In an epilogue, Taylor offers her analysis of what ails mental health care today, quoting service workers whose emphasis is on sympathetic care relationships as instances of best practice. Required to achieve such practice, she insists, would be “reliable, open–ended care, sometimes in supportive institutional environments.” She scoffs at the CBT that, as the “modern face of Anglo–American psychotherapy,” has been carried to absurd extremes, she believes, in the National Health Service’s computerized CBT, which flies in the face of “a host of studies” showing that “it is the quality of the relationship with the therapist that determines the outcome of…all therapeutic encounters.” About what she needed at her most needy, she is clear: it was “asylum, a safe place to be.” And what helped most: a costly, intensive, long–term psychoanalysis. This is not a solution, she recognizes, for less advantaged patients. Yet her final recommendation still remains something as close to it as is possible. She rightly identifies the problems. They include “a fantasy of adult autonomy” at odds with human realities; reduced funding for psychotherapy of all stripes, and especially antipathy to psychoanalysis, an obsession with time and efficiency – and a rejection, finally, of personal history as relevant to healing. The story of the Asylum Age is not a happy one, she concludes. But “if the death of the asylum means the demise of effective and humane mental health care, then this will be more than a bad ending to the story; it will be a tragedy.” We may differ with her model of humane mental health care, with its exclusive focus on late–stage treatment responses to adult disorder. A more sweeping and preventive public health approach that would anticipate and attend to the societal ills responsible for those intractable adult experiences seems worth a try. (It is increasingly being recognized in response to the world–wide epidemic of depression symptoms, that cannot realistically be dealt with in any but society–wide measures of this kind.) But if we grant her premise, then we can hardly disagree.

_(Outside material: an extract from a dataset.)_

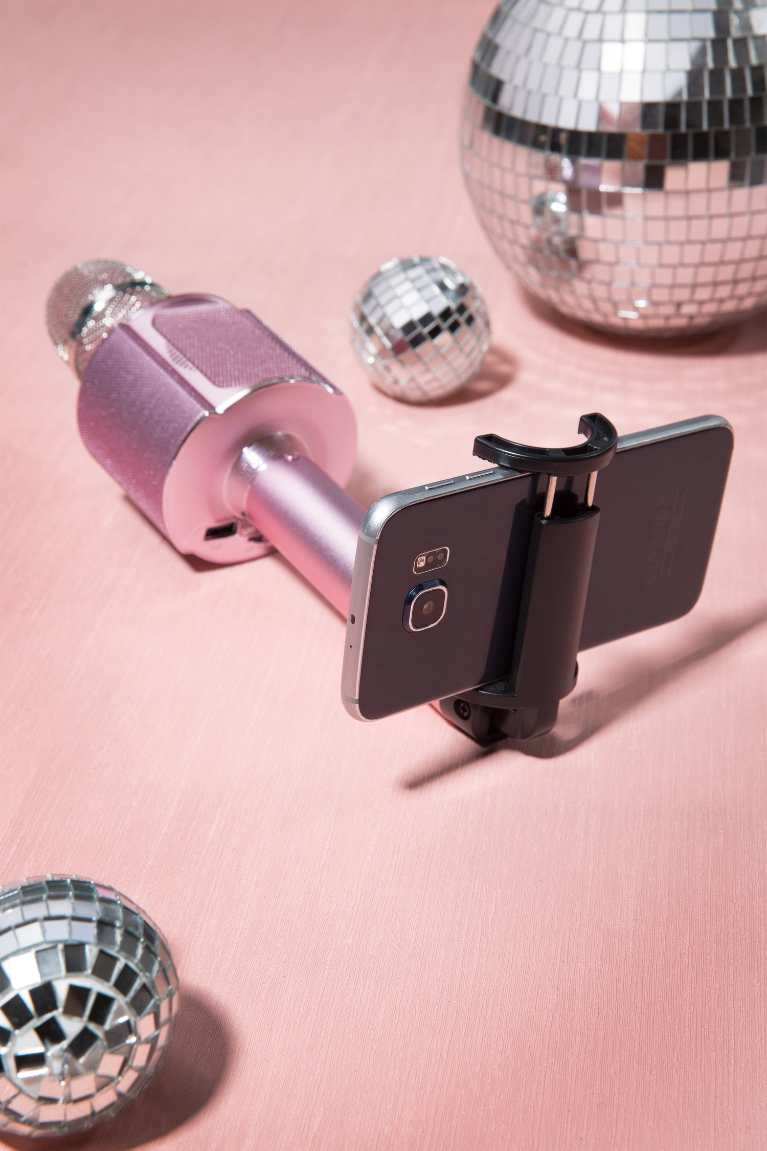 Das Lenco BMC-090 ist ein Karaoke-Mikrofon, das über eine Bluetooth-Verbindung oder USB/SD-Karten-Eingang mit Musik versorgt wird. Singen Sie zu Ihren Lieblingsliedern und sorgen Sie mit den integrierten LED-Lichtern für einen noch beeindruckenderen Auftritt. Es ist sehr kompakt, so dass es ganz einfach überall mithin genommen werden kann. Es wird mit USB-Kabel ausgeliefert und ist mit USB-Eingang, Line-Ausgang und Micro-SD-Kartensteckplatz ausgestattet. Zudem hat es einen integrierten Akku für bis zu 8 Stunden Laufzeit, damit Ihre Freunde, Familie und Sie sich stundenlang musikalisch ausleben können. Falls Sie den Liedtext beim Singen benötigen können Sie Ihr Smartphone an der dafür angebrachten Halterung befestigen. Für eine gute Kontrolle ist die Lautstärke des Mikrofons und der Musik einstellbar, ebenso wie das Echo. Mit dem 5 Watt RMS starken Lautsprecher haben Sie zudem noch einen leistungsfähigen Bluetooth-Lautsprecher. Ein weiteres durchdachtes Feature: Über den Line-Ausgang können Sie das Lenco BMC-090 an eine Hifi-Anlage anschließen und als Bluetooth-Transmitter nutzen. Das Lenco BMC-090 ist in rosa und schwarz erhältlich.

As a work of social history, The Last Asylum is a valuable document. It reveals the cruel underside of deinstitutionalization policies that in the US, at least, have resulted in populations of the mentally ill homeless in city streets, and locked up in county jails and prisons. While she recognizes the larger meaning of these policies, Taylor also appreciates the importance of the way they affect individuals, and her depiction of the effects of asylum life and then deinstitutionalization on particular, closely–described patients in the context of one particular hospital (albeit a famous one), proves an effective way of bringing these vast historical transformations home to us. Then, in its careful and measured account of what can go wrong, and how difficult it can be to emerge from the defeating darkness of mental disorder,The Last Asylum helps us understand madness and its treatment in ways that are genuinely illuminating. Combining her report on the last asylum with her “memoir of madness in our times,” Barbara Taylor is to be applauded for an important and original contribution to our understanding of such disorder and its care — whether or not we grant her recommendations and solutions.